Emotion recognition from facial images in an uncontrolled environment (e.g., public places), where it is not always possible to acquire frontal view images, is becoming important nowadays for a secure and safe life, smart living, and a smart society. Towards this goal, a robust FER is essential, where emotion recognition from diverse facial views, especially views from various angles, is possible. Profile views from various angles do not show landmark features of the frontal view, and the traditional feature extraction methods are unable to extract facial expression features from the profile views. Therefore, FER from the high-resolution facial image using the DCNN model is considered as the only option to address such a challenging task. The TL-based approach is considered in the proposed FER system: a pre-trained DCNN is made compatible with FER replacing its upper layers with the dense layer(s) to fine-tune the model with facial emotion data. The pipeline training strategy in fine-tuning is the distinguishable feature of the proposed method: the dense layers are tuned first, followed by tuning other DCNN blocks successively.

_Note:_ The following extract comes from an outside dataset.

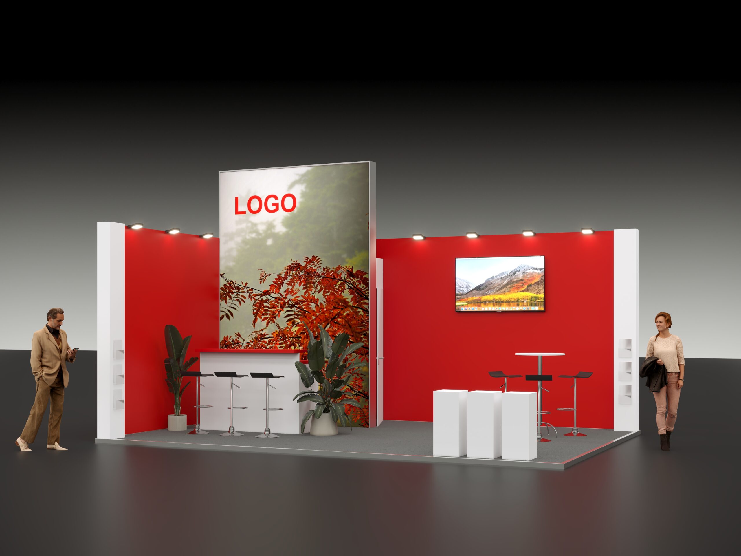 Grafisch wird der Stand durch eine Firmenlogo-Beklebung aufgewertet, die für eine klare Markenpräsenz sorgt. Der Messestand PREMIUM Typ S24 bietet eine hochwertige, funktionale und stilvolle Lösung für Unternehmen, die auf Messen einen bleibenden Eindruck hinterlassen möchten.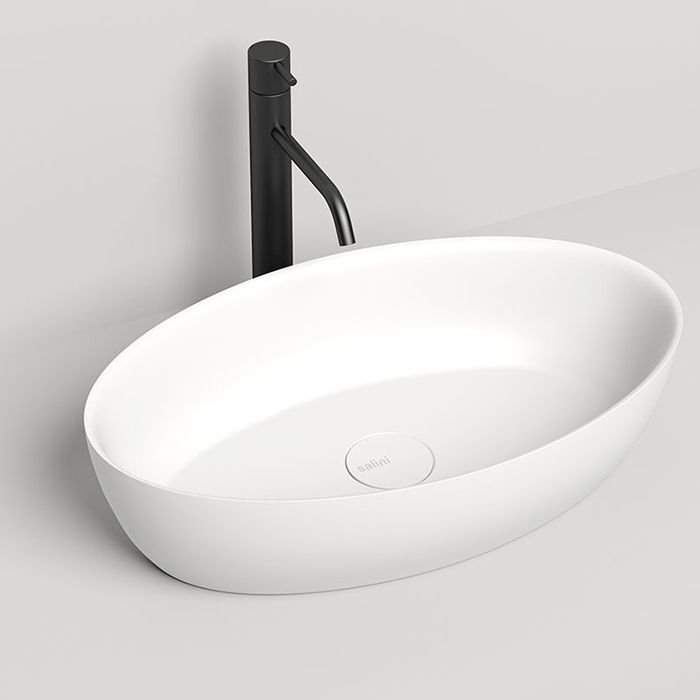 Раковина Salini (Салини) Alda накладная  58х35х15cм, без отверстий, без перелива, S-Sense, цвет: белый глянцевый 110611G

The proposed method has shown remarkable performance in evaluation on the benchmark datasets with both frontal and profile views. The JAFFE dataset contains frontal views only, and the KDEF dataset contains profile views taken from four different angles along with frontal views. In the full left/right profile view of KDEF, one side of the face with only one eye and ear is visible; thus, the recognition task becomes complex. We felt that the experiments on the two diverse datasets are adequate for proficiency justification, and the proposed method is expected to perform well on other datasets. However, datasets with low-resolution images or with the highly imbalanced case will need additional preprocessing and appropriate modification in the method, which remains a subject for future study. Furthermore, working with images from the uncontrolled environment or video sequences also remains a future study.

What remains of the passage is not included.